Но ведь это неважно, правда?
А самое прекрасное утро — то утро, когда, разбуженная как можно раньше бабушкой, я, вялая и сонная, была представлена своему новому платью... оно было такое... белое в мелкий красный горошек... а спереди такой фартучек, на котором вышиты цветы... это все потому, что свадьба у дяди.
И мы едем на автобусе, далеко, в другое село, мне очень любопытно, я смотрю в окно, смотрю и жду: что там такое необычное меня ждет?
А потом выхожу и попадаю в вихрь гомона и крика, и счастья, счастья, счастья... И все смеются, чмокают друг друга в щеки, и всем так хорошо и весело...
Я помню из того дня только три, три самые прекрасные вещи на свете:
— можно было не ложиться спать долго-долго-долго, до самой жирной, густой темноты,
— можно было плясать до упаду и кружиться, пока в ушах не зашумит,
— и, наконец, я сижу за столом как раз напротив блюда с вафлями, намазанными вареной сгущенкой. Блюдо, целое блюдо вафель, намазанных вареной сгущенкой!
Что могло быть лучше?
Было, было!
Потом дядя и тетя жили у нас, они были очень смешные и не такие, как все, я чувствовала это, особенно когда дядя нагибался и шептал тете что-то на ушко и она краснела.
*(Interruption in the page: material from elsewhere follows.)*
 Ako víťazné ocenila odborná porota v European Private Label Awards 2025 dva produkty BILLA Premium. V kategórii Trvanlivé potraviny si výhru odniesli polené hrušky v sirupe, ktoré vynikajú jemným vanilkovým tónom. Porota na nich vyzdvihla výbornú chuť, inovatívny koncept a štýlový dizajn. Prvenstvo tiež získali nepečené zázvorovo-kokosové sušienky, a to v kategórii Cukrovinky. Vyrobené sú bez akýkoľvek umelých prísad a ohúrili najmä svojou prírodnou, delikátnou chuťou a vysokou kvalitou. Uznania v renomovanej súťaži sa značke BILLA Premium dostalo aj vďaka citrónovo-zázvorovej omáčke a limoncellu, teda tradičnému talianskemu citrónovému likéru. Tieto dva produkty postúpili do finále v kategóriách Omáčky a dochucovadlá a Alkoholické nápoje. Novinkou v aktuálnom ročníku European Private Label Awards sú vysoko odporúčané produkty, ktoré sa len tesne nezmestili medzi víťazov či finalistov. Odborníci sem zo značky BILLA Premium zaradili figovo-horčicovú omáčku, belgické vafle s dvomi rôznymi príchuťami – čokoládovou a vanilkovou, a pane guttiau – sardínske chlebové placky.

Мне становилось ужасно смешно и хотелось тормошить их, мешать им, и я это делала, а они смеялись и принимались меня щекотать...
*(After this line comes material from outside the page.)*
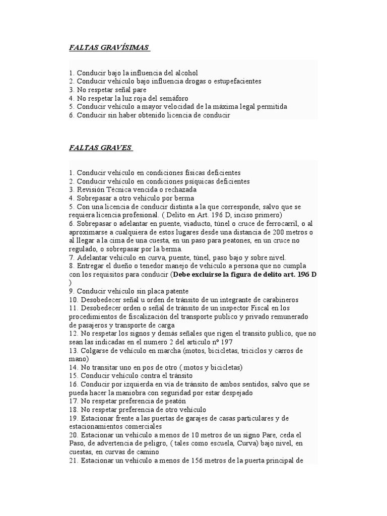 NOTA: toda otra infracción a normas de la ley de transito no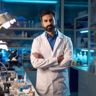 confident handsome indian man research scientist work blured background lab coat beaker test tube microscope slide petri dish notes clipboard computer data analysis experiment discovery innovation technology science medical researcher professional careerImagine Buddy

— Баб, баб, я слышала, как дядя называл тетю… на ушко!
— Как, как Милочка?
И я, вся довольная собой — хранительница страшной тайны — нагнулась и прошептала бабушке в ухо:
— Мы-ы-шка!
И бабушка, до этого сидевшая с сурово сдвинутыми бровями, начала смеяться, и я вместе с ней, уже громче и громче повторяя:
— Мы-ы-шка, мышка!
И я побежала к дяде и тете, которые сидели в саду под яблоней, и я, счастливая в своей глупости, кричала:
— А я бабушке, бабушке сказала про мышку!
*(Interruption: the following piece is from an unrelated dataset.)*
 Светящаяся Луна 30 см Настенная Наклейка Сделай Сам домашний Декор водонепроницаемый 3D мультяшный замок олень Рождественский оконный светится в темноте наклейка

Дядя принялся гоняться за мной по саду, пока не словил меня, хохочущую, за подол платья.
А тетя, подобрав с земли маленькое зеленое яблочко, сказала:
— А у вас тут колхозный сад есть?
И лицо у нее было такое хитренькое. Я запомнила его: хитренькое, веселое лицо, сморщенный нос и большие белые зубы, открытые улыбкой.
А потом — о, потом было невероятное! — меня посадили на раму велосипеда и тетя, быстро-быстро крутя педали, поехала по раскаленному от жара шоссе, дядя на своем велосипеде ехал рядом, мы мчались наперегонки, мы летели, в лицо нам дул ветер, и внутри у меня пел целый хор из маленьких девочек, безмерно любящих жизнь.
Я помню, как мы перелезли через забор — то есть сперва перелез дядя, потом тетя передала ему меня, а он аккуратно поставил меня на землю с другой стороны. И там мы увидели много-много разных яблонь, мы собирали яблоки в подол к тете, а потом она пересыпала их в мешок. Там было просто море яблок: и мелкого белого налива, и ярко-красных, и темно-малиновых, и желтых, и всяких-всяких...
И я не помню их вкуса, не помню, помню только яркие цвета и солнце, солнце, солнце, отражавшееся от каждого бока… Блики, всюду его блики...
А потом было другое, совсем другое — я уже старше, мне, наверно, лет шесть...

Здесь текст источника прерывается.